> EXERCISE INSTRUCTIONS:
Restate word for word the lines of the material below, from the line with "主题展结束后,专家委员一行来" to the line with "Джемпер с длинными", both lines included, and no others.

> ENTRIES SHOWN:
•••
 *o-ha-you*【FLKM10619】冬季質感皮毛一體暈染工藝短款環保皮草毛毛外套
•••
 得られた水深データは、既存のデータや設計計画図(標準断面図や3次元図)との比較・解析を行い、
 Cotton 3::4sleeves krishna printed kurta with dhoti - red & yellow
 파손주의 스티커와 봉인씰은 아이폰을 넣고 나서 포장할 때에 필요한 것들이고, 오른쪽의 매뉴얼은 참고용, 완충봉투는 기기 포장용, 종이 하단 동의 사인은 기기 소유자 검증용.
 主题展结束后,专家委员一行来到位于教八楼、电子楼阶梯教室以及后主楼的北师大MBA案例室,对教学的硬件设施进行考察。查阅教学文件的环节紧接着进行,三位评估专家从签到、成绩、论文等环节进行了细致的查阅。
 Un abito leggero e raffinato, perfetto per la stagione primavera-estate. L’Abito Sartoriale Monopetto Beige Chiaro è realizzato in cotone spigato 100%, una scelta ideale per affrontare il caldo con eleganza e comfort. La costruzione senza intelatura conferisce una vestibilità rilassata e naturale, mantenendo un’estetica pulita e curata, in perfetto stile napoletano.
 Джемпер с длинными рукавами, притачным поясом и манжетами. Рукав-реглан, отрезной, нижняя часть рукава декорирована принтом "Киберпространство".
•••
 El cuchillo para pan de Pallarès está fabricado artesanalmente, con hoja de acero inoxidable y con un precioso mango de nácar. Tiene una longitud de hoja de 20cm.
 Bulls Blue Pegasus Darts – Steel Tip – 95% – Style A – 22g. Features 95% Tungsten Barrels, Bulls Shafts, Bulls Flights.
•••
> ANSWER TO THIS TASK:
 主题展结束后,专家委员一行来到位于教八楼、电子楼阶梯教室以及后主楼的北师大MBA案例室,对教学的硬件设施进行考察。查阅教学文件的环节紧接着进行,三位评估专家从签到、成绩、论文等环节进行了细致的查阅。
 Un abito leggero e raffinato, perfetto per la stagione primavera-estate. L’Abito Sartoriale Monopetto Beige Chiaro è realizzato in cotone spigato 100%, una scelta ideale per affrontare il caldo con eleganza e comfort. La costruzione senza intelatura conferisce una vestibilità rilassata e naturale, mantenendo un’estetica pulita e curata, in perfetto stile napoletano.
 Джемпер с длинными рукавами, притачным поясом и манжетами. Рукав-реглан, отрезной, нижняя часть рукава декорирована принтом "Киберпространство".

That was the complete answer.